Wrong. Conditions have not changed in the last 35 years and I don't see them changing on the foreseable future. Technical conditions and abilities will change, true, but the essence of the work that has to be achieved won't change the same a mathematical theorem doesn't change.
What a backup strategy is (short version):
* A means to recover from a failure.
It's obvious Tom Allensworth's strategy is a failure and it was obvious it was a failure from the very beginnig (it has been a hacker, but what if it were a virus or a worm, or a human failure deleting some critical files and then the deletion being replicated? Same result).
What makes a minimal backup strategy (any less than this and your "solution" is not entitled to be called "backup strategy"):
* There has to be no less than two complete data sets non connected with the systems being protected.
* There has to be no less than one complete data set off-sited from were the systems being protected "live in".
* There has to be no less than one current copy of the documentation needed to redeploy from barebones the protected systems off-sited from the facilities were the systems being protected "live in".
* At the very least two people -the backup responsible and her direct superior, have to know where the above mentioned documentation lives and they must have the ability to recover it.
Some side notes:
* The last two points are not needed on a lone star-driven system, only on company-style ones. If there's only one person which will benefit from the data (i.e.: your personal data or a single-person bussiness') is good enough if only you know how to recover the data -it can even be only anotated "on you head" and not in paper, although you still would be better if in paper: memory fails with time.
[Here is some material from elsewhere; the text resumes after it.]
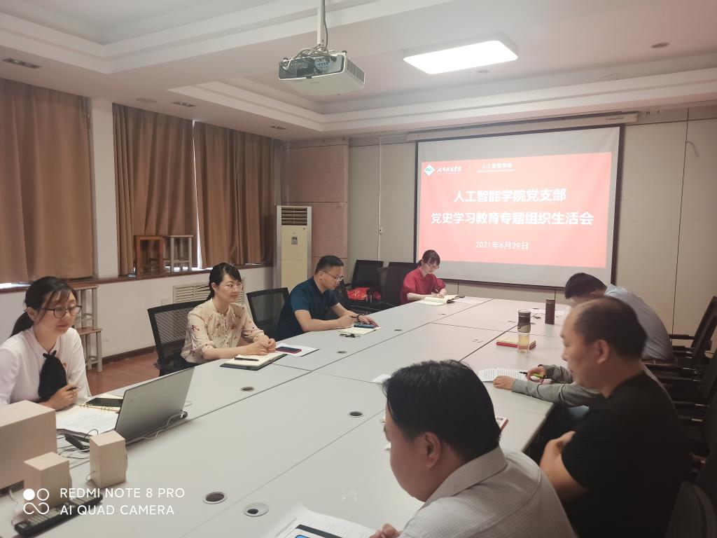 6月29日上午,人工智能学院党支部在0#803会议室召开党史学习教育专题组织生活会,支部全体党员参加。会议由党支部书记付俊辉主持。

* The above point-set is not absolutly "failure-proof" and some common sense should be applied (if your system is likely to be attacked, you'd better have more datasets splitted over longer time ranges; if the backup admin and her superior tend to go together there's the risk you lose them both at a time, and so your ability to recover out of -now unknown to exist, documentation, etc.) but they are the bare minimum.
* Last but not least, backups have exactly ZERO value. Recovering from backups when need arises is the valuable part, so test your recovery procedures, once and again and again. And let it do the test your less knowledgeable/capable/valuable people: maybe when the need arises that will be all you have.